There's a lot of talk in the banking industry about shifting capital investments from "running the business" (maintenance, operations, etc.) to innovating and "transforming the business." Much of that discussion is focused on core systems, without which there would be no account opening, no bill paying, no lending.
Until recently most of the analysis had to do with whether banks' aging legacy systems were becoming less capable of effectively running these essential parts of the business. At the same time, there continued to be legitimate concerns about replacing or upgrading those systems, since these kinds of expensive and difficult projects can seriously disrupt the business.
But a dramatic shift in expectations is taking place. Increasingly, core systems are being viewed as the foundation of a banking transformation marked by customer-centricity and a nimbler, more flexible business model whereby banks perform less like lumbering behemoths and more like e-businesses. With this redefinition of core systems modernization as a competitive and compliance-related necessity rather than a discretionary risk, the debate has shifted from "Should we or shouldn't we?" to "How should we do it?" This new thinking about the role of core systems and the best ways to modernize them is the subject of the December digital issue of Bank Systems & Technology.

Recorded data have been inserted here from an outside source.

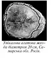 Розрізняють агатові, кварцові, халцедонові, кальцитові, баритові, целестинові та інші жеоди.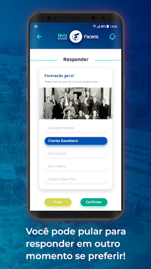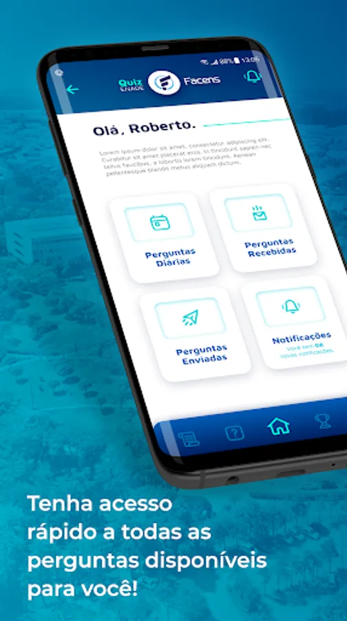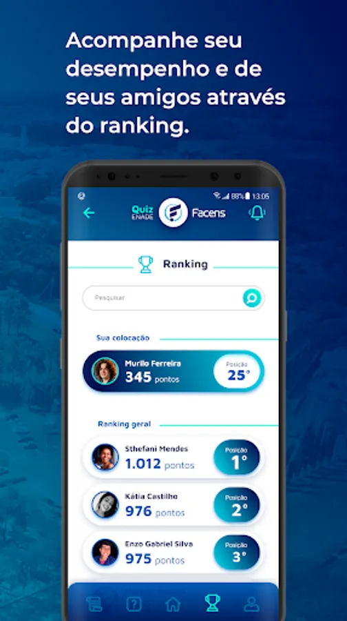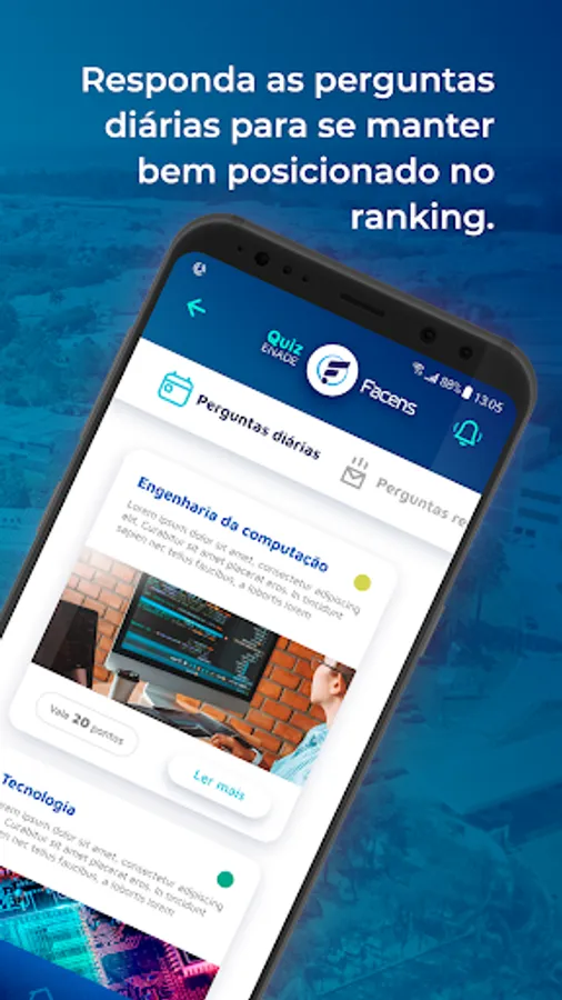 The ENADE - DESAFIO QUIZ FACENS application has a set of questions based on the previous ENADE tests, opening the way to the knowledge to get you ready for the evaluation!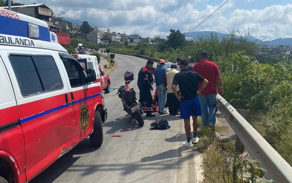 Zitacuaro, Michoacán, 28 de septiembre de 2023.- Tres personas resultaron lesionadas, una de ellas de gravedad, luego de que dos motos chocaran en el puente de...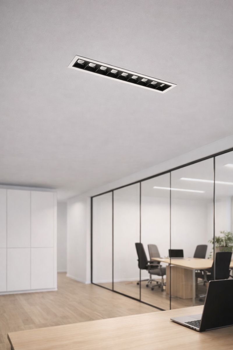 Minimalismus, který pracuje se světlem do posledního detailu. Zápustné svítidlo CENTURY MINIMAL je navrženo pro moderní interiéry, kde hraje roli čistota linií, vizuální klid a precizní světelný efekt. Lineární tvar s vícenásobnými optikami vytváří rovnoměrné, ale zároveň směrované osvětlení, které působí profesionálně a nadčasově.

At the recent SAP Financial Services Forum in New York, Andrew Hagger, general manager of transformation and analytics at Commonwealth Bank of Australia, related how a major core systems initiative it's doing with SAP is helping the bank go beyond the rhetoric of customer-centricity. "We all want to be customer-centric, but it's a hard challenge across the world," he acknowledged. "We are leveraging our core to do that." The bank, he said, is "aiming to be more channel-agnostic. Real-time and seven-day banking are critical for us." Raising the stakes, Hagger said, "Our competitors are launching capabilities similar to ours."
[The Case For 'Progressive Renovation': Legacy Systems Are Not Equipped for Today’s Multichannel Banking]
At Commonwealth Bank, the core banking system is known as "the revolution -- it's a whole new way of doing business, a new way of interacting, and the key to us delivering what our customers want and need. … It has galvanized our organization," Hagger said. "Our core banking vision is to build a great client-centric bank whose profitable growth is powered by simplicity."
No one is saying this comes easy, but it's clear that competitive advantage and the ability to innovate productively will be driven and enabled by core systems capabilities. The question for all banks has to be: Is our core making us more competitive, or is it holding us back?